ASSIGNED TASK »
In the records below, find the line that contains "Автонапувалка, фонтанчик для" and the line that contains "しかけを垂らし魚がかかるのを", then retype exactly those two lines and every line between them.

** Opening DATA SUPPLIED block **

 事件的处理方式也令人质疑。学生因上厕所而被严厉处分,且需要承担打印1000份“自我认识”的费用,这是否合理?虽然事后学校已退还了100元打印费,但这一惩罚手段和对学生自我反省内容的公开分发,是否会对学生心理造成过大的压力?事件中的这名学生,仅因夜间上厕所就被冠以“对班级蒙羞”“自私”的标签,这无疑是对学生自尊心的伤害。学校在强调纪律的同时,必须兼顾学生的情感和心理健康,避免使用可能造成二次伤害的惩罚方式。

** Closing DATA SUPPLIED block **
** Opening DATA SUPPLIED block **

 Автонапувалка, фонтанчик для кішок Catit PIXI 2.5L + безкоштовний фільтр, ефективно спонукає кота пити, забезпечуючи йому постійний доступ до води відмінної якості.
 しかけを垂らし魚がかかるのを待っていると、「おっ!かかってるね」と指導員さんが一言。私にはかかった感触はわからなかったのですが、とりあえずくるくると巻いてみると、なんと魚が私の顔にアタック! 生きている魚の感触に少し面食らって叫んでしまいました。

** Closing DATA SUPPLIED block **

FINAL ANSWER »
 Автонапувалка, фонтанчик для кішок Catit PIXI 2.5L + безкоштовний фільтр, ефективно спонукає кота пити, забезпечуючи йому постійний доступ до води відмінної якості.
 しかけを垂らし魚がかかるのを待っていると、「おっ!かかってるね」と指導員さんが一言。私にはかかった感触はわからなかったのですが、とりあえずくるくると巻いてみると、なんと魚が私の顔にアタック! 生きている魚の感触に少し面食らって叫んでしまいました。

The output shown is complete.